Even Successful People Overlook These 5 Simple Self-Promotion Tips

For better or worse, self-promotion makes the world go round.

The trick is tooting your own horn without coming off as a self-absorbed jerk. Forbes contributor Bruce Kasanoff wrote a book about this very topic; his position boils down to this simple maxim: “Help others, and you will benefit, too.”

Kasanoff is onto something, but simply scratching your peers’ backs on the expectation that they’ll scratch yours does not a career make. Even successful people overlook these five lesser-known self-promotion tips that let them stand front and center without worrying about stealing the show.

 1.Give Some of the Best Stuff Away for Free

 This is actually a modified Kasanoff tip.
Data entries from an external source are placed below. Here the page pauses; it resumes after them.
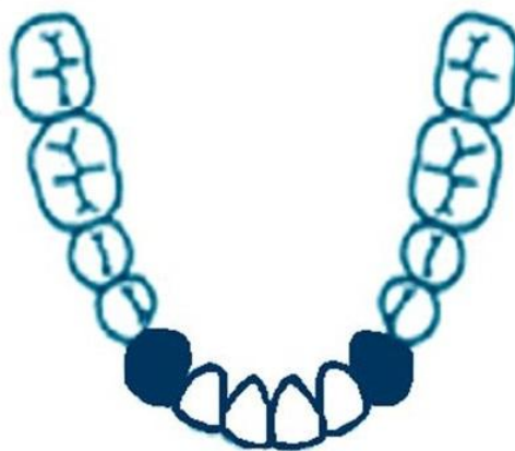
Slika 4. Šesteročlani most za nadoknadu donjih centralnih i lateralnih sjekutića, obostrano sidren na očnjacima

Gubitak donja četiri sjekutića nadomješta se sidrenjem na očnjacima. Sanacija gubitka više od četiri zuba ovisi o tome koji su zubi izgubljeni kao i o topografskom odnosu preostalih zubi. Ako se radi o manjku više od četiri zuba u nizu, indicirana je djelomična proteza (4). Ukoliko u donjoj čeljusti nedostaju tri inciziva, a preostali inciziv je parodontološki loš i avitalan zub, indicirana je ekstrakcija preostalog inciziva i izrada mosta sidrenog na očnjacima (Slika4.) . Složenija je situacija kada nedostaje očnjak i još dva susjedna zuba. U tom slučaju nužno je uključiti sekundarne nosače koji imaju očuvan potporni aparat. Ako nedostaje očnjak i još tri susjedna zuba, izrada mosta je kontraindicirana. Posebni su slučajevi gdje nema tri, četiri ili pet zuba pri čemu između rezidualnih grebenova postoji središnji nosač. Neki od tih mostova se segmentiraju u slučaju očuvanog potpornog aparata zuba. Ako je koštana potpora zuba nosača oslabljena, preporučuje se izrada jednokomadne mosne konstrukcije koja rigidno povezuje nosače (3).
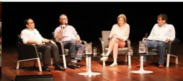
Gran Encuentro Ciudadano, Alcaldía de Cartagena
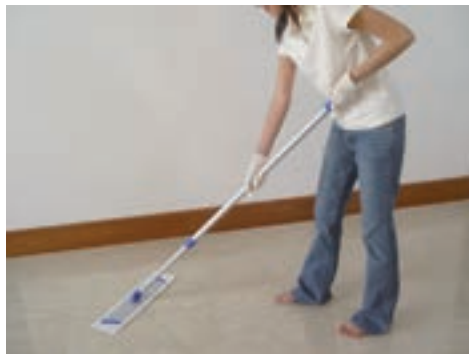
Esta actividad implica un riesgo de trastorno musculoesquelético.

los por completo. En cambio, si no se identifican los riesgos no se puede saber cómo eliminarlos o reducirlos en su origen.
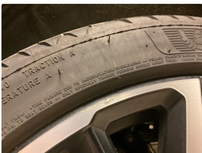
1.1 Skade på felg (Reparert)
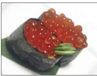
417. Ikura 5,50 Lachskaviar
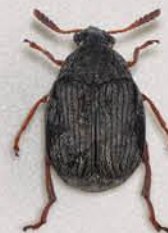
Горохова зернівка Bruchidius incarnatus
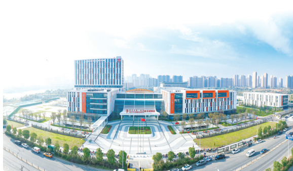
“十四五”期间,武汉市第一医院(武汉市中西医结合医院)新建盘龙城院区,惠及周边百万居民,逐步成为汉口北区域医疗中心。
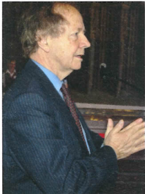
Prof. Werner Spies

Kasanoff writes, “[t]he secret to success in social media is to give valuable ideas away for free. What you get back over the long run is worth more than what you ‘gave away.’”

This is marketing 101. Giving away quality bits of wisdom or expertise is a great way to burnish your credibility and enter the rarefied ranks of bona fide thought leaders. Sure, you’ll miss out on whatever marginal gain you might have otherwise extracted, but good will almost always outlives money.

 2.Set Up Personal Profiles on Lesser-Known Directories & Social Platforms

 This is more of a housekeeping tip than any sort of “secret sauce” advice.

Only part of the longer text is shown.